In recent years, it's emerged that some dinosaurs - considered scaly and reptilian for many years - were actually wearing feathers. But a newly discovered species of scansoriopterygid dinosaur sports a different style. This tiny creature had bat-like wings: leathery, not feathery.
It's called Ambopteryx longibrachium, and it was just 33 centimetres (13 inches) long. The flying animal lived 163 million years ago, smack-bang in the middle of the Jurassic in what is now Liaoning Province, China.
Its remains show us that flight in dinosaurs was definitely evolving in different forms.
There are several species of scansoriopterygid dinosaur. They were tiny non-avian animals about the size of small parrots, belonging to the same theropod suborder that also encompasses the mighty tyrannosaurs.
Typically, scansoriopterygids are reconstructed with feathered wings, but in 2015, palaeontologists in China found a species they named Yi qi that had an elongated digit extending from the wrist; it's called a styliform and the feature is more typical of a bat than a bird.

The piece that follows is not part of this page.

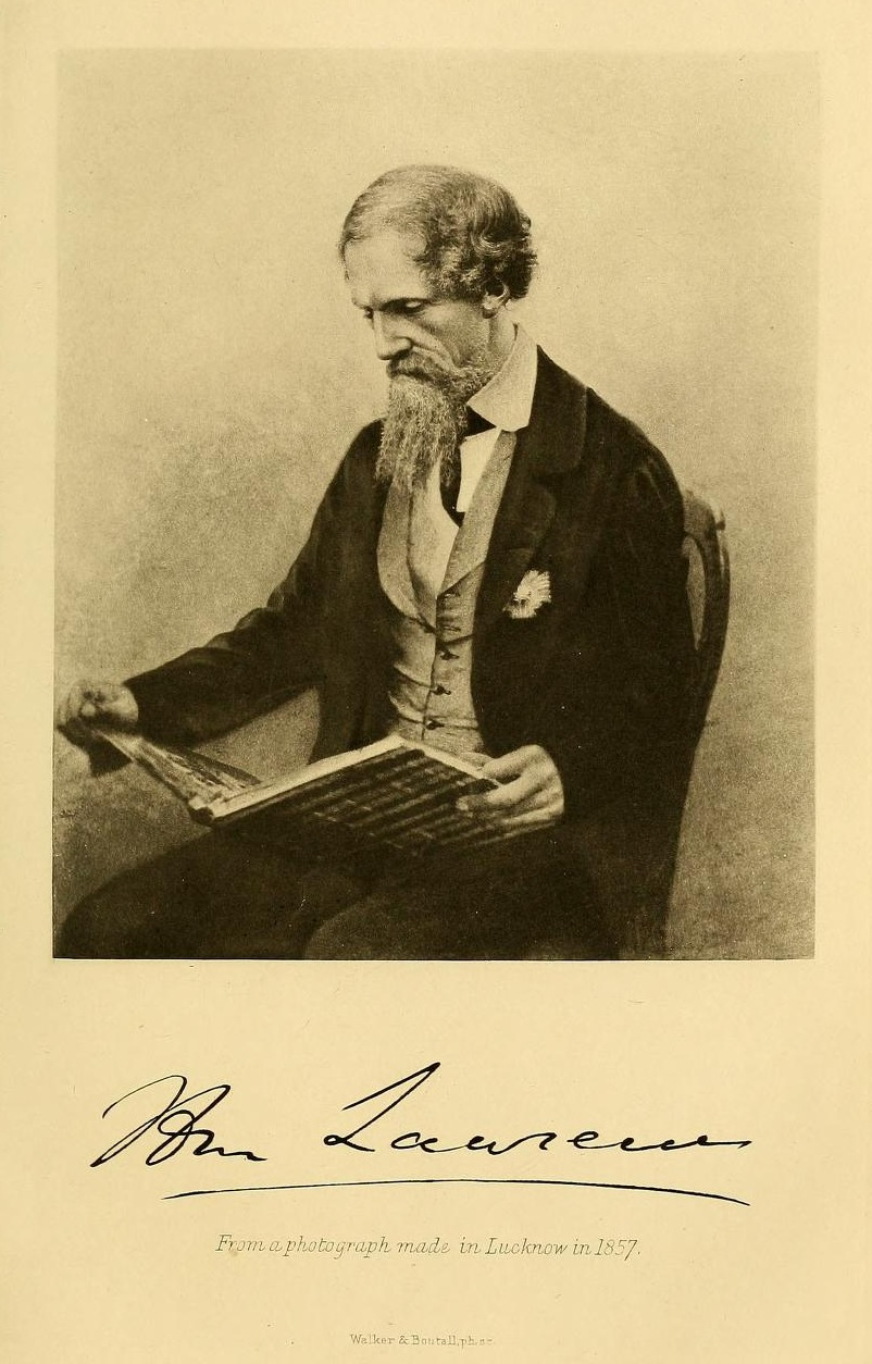 Sir Henry Montgomery Lawrence (June 28, 1806 - July 4, 1857)

This was the first time such a wing had been seen in theropods, as opposed to pterosaurs or bats. But Y. qi was just one specimen, and not everyone was convinced.

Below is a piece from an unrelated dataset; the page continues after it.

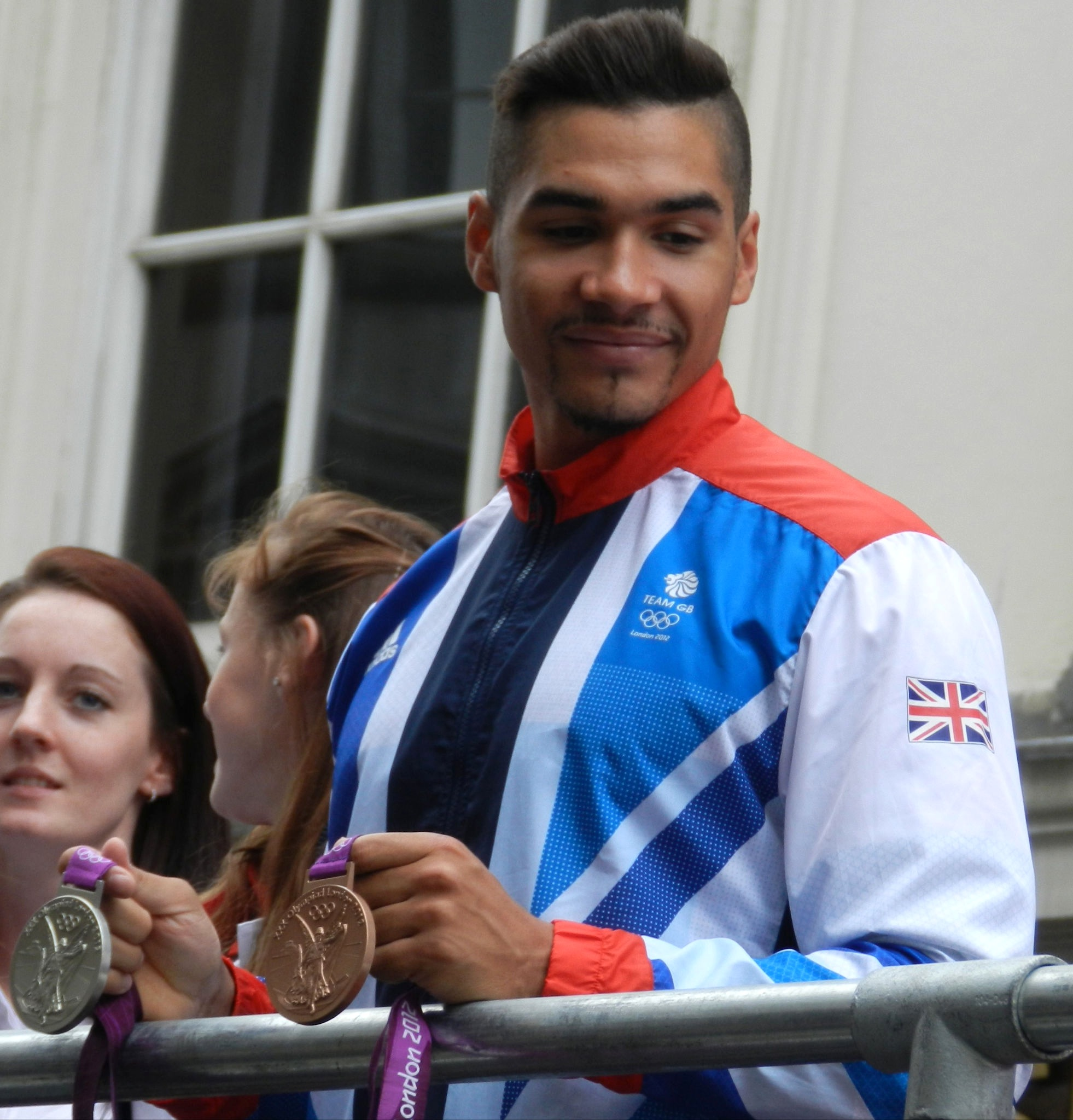 British Olympian Louis Smith at the Olympic Victory Parade in London on 10 September 2012 holding the bronze and silver medals he won during the 2012 Summer Olympic Games

A. longibrachium, therefore, adds considerable support to the notion of parallel evolution of flight.
It has a similar bone structure, with a membrane-supporting styliform, but it's clearly not the same animal as Y. qi either. It has a wider and longer forelimb, and a short tail with fused vertebrae at the end.
Obviously, no birds exist with this type of wing today, or even survived into the Cretaceous. This means it was likely a short-lived evolutionary experiment that ultimately lost out to the feathered variety, the researchers noted in their paper.
The research has been published in Nature.